> What you should do: Please repeat exactly the lines below from the line with "2、消防车采用双排整体式结构" to the line with "We applied for", including both, and leave out every picture.

> Data under study:
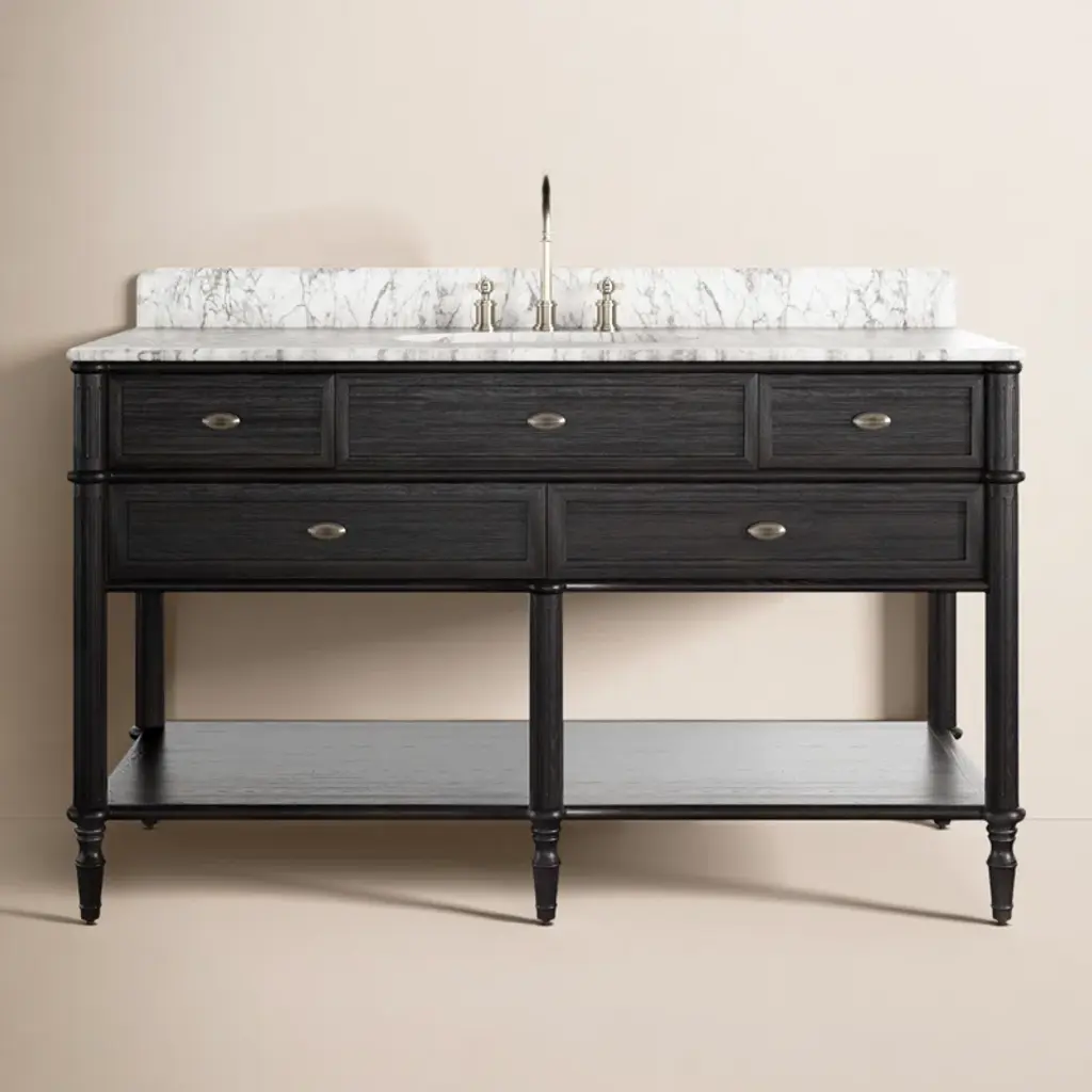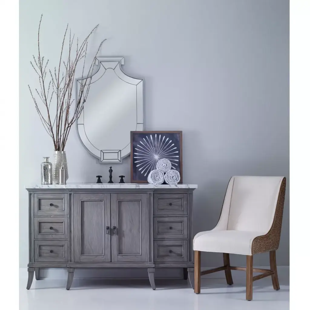 A large six drawer, two door sink chest with a wire brushed grey finish. Made from Mindi wood. Solid brass hardware. Statuario marble top.
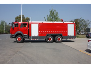 2、消防车采用双排整体式结构,视野开阔,乘员多,可乘坐6人;消防车可在行进中进行灭火,射程远,灭火战斗力强。
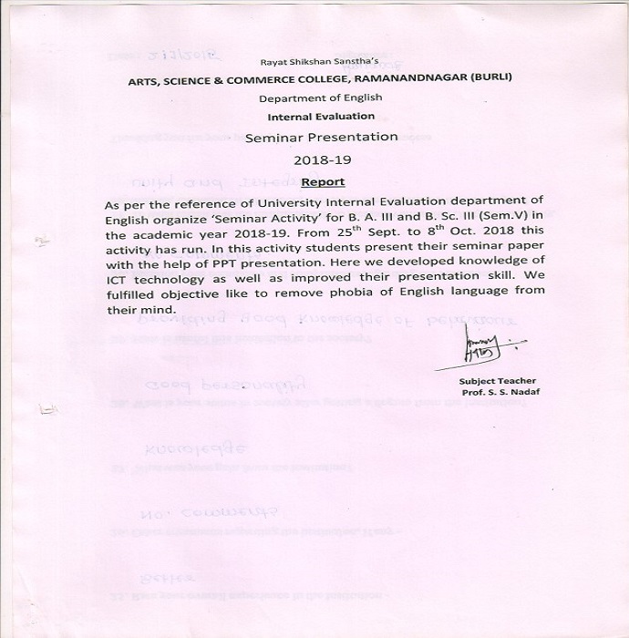 | 27 | Seminar PPT Presentation of B.A. III & B.Sc. III Students | 25/09/2018-8/10/2018 |
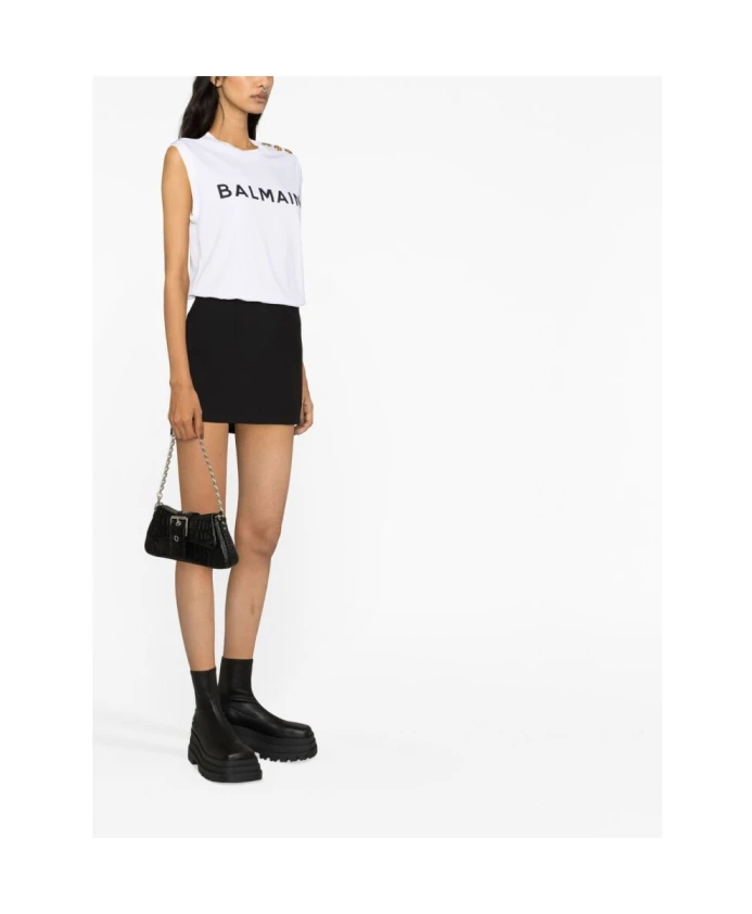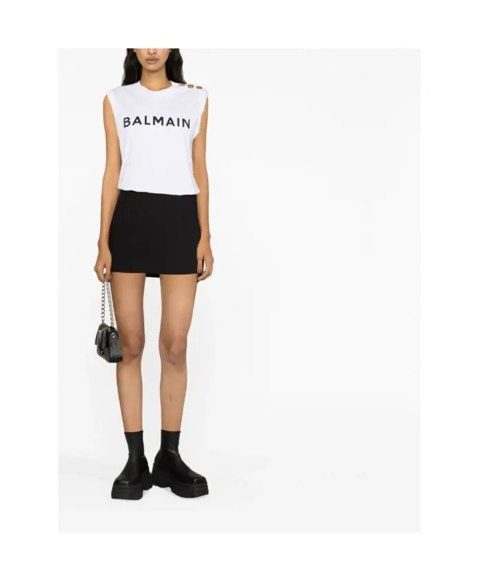 Обновите свой гардероб этим шикарным топом без рукавов Balmain. Эта белая футболка изготовлена из 100% органического хлопка и имеет черный принт с логотипом Balmain, круглый вырез, золотые пуговицы с тиснением на плече и свободный крой.
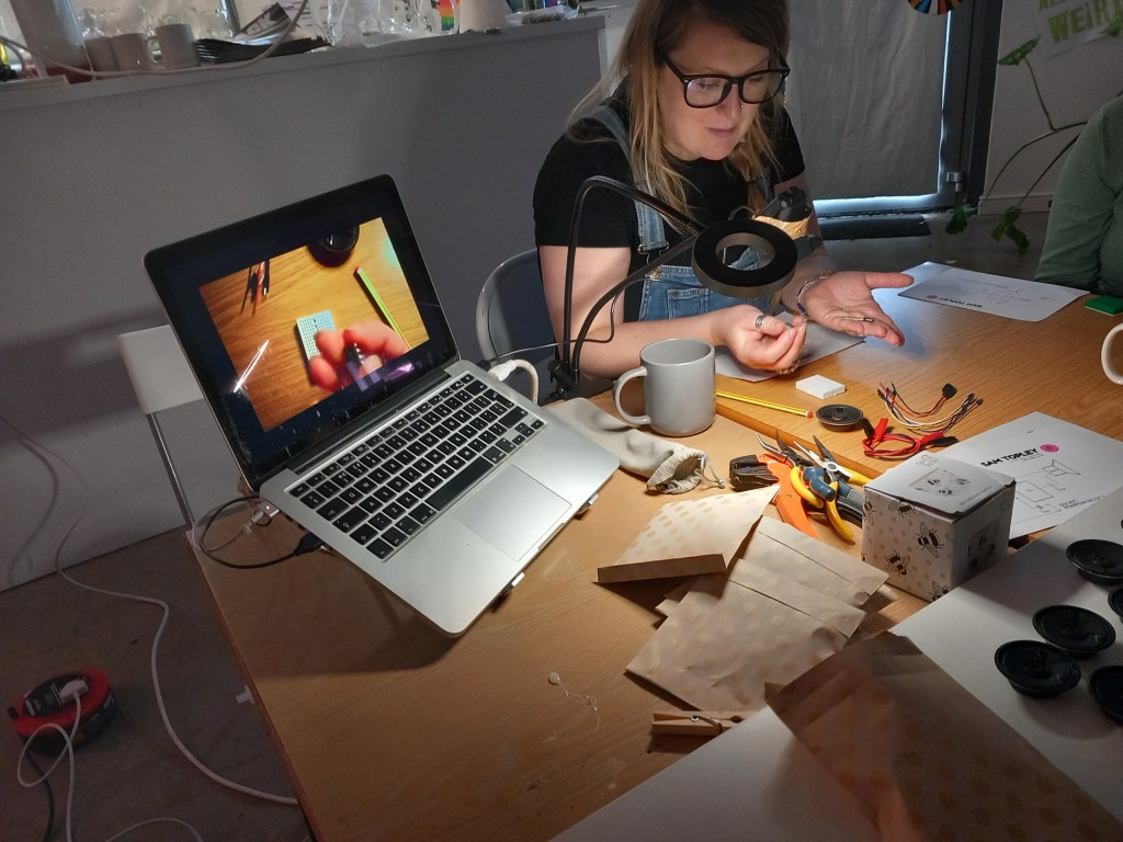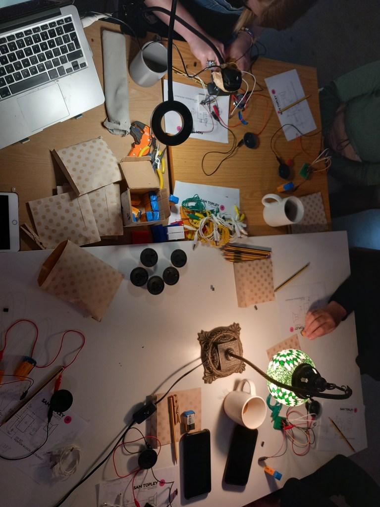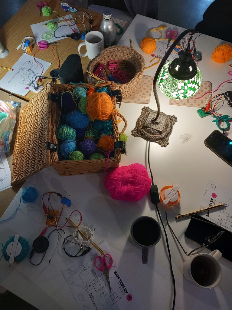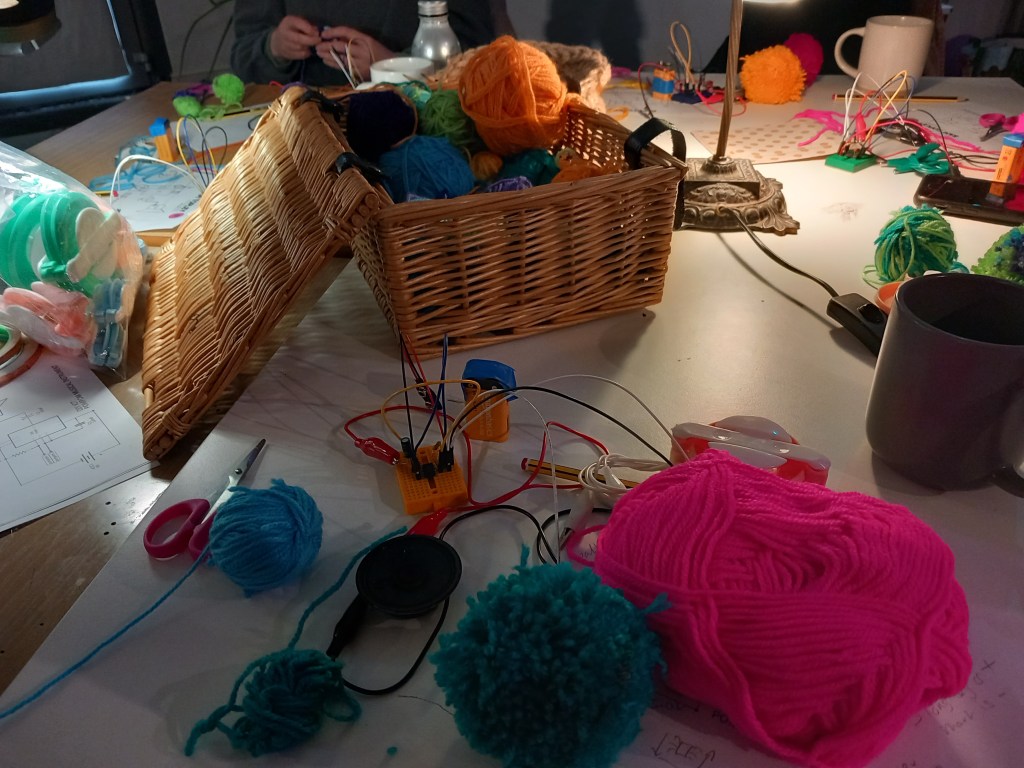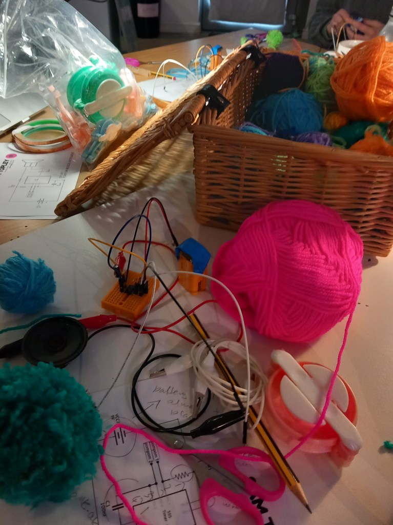 We applied for funding from Bradford Council and Bradford Producing Hub to run the next set of artist led workshops, starting with the amazing Sam Topley and her pom-pom synthesisers. We made a five session project Herrrd: Exploring Bradfords Sonic Heritage, and Sams workshop linked in to how we sonify wool – a medium synonymous with Bradfords textile industry.
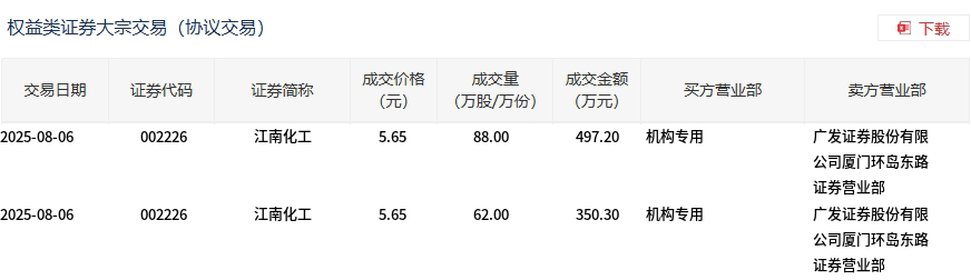 8月6日,江南化工大宗交易成交150万股,成交额847.5万元,占当日总成交额的2.62%,成交价5.65元,较市场收盘价6.21元折价9.02%。
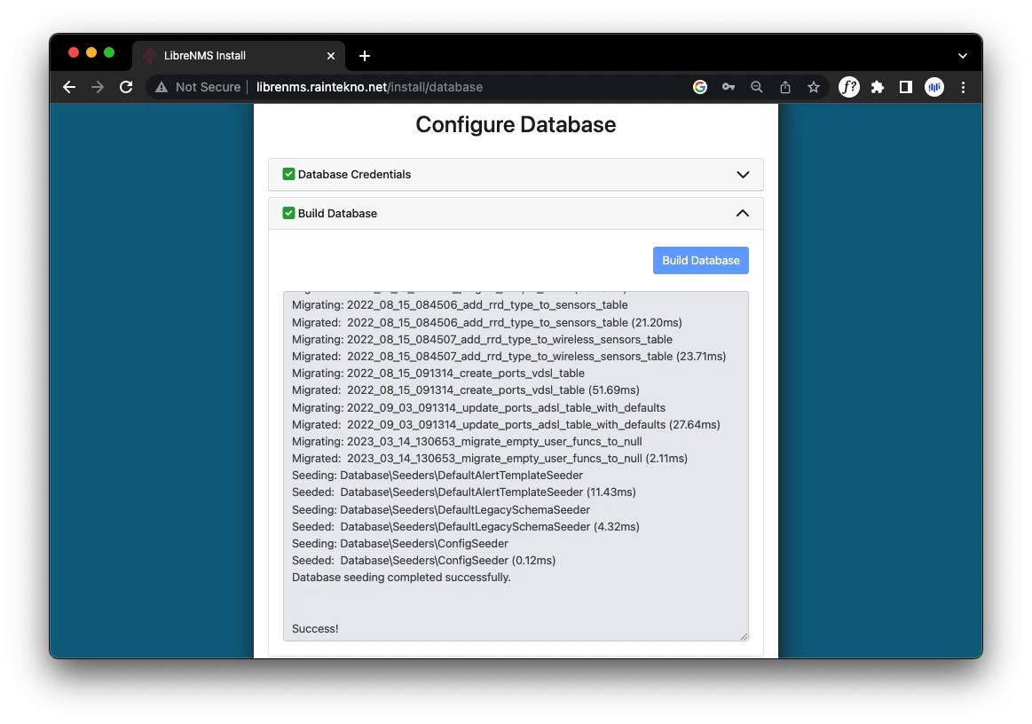 Setelah konfigurasi Credentials berhasil, kemudian klik Build Database.

> Response area:
 2、消防车采用双排整体式结构,视野开阔,乘员多,可乘坐6人;消防车可在行进中进行灭火,射程远,灭火战斗力强。
 | 27 | Seminar PPT Presentation of B.A. III & B.Sc. III Students | 25/09/2018-8/10/2018 |
 Обновите свой гардероб этим шикарным топом без рукавов Balmain. Эта белая футболка изготовлена из 100% органического хлопка и имеет черный принт с логотипом Balmain, круглый вырез, золотые пуговицы с тиснением на плече и свободный крой.
 We applied for funding from Bradford Council and Bradford Producing Hub to run the next set of artist led workshops, starting with the amazing Sam Topley and her pom-pom synthesisers. We made a five session project Herrrd: Exploring Bradfords Sonic Heritage, and Sams workshop linked in to how we sonify wool – a medium synonymous with Bradfords textile industry.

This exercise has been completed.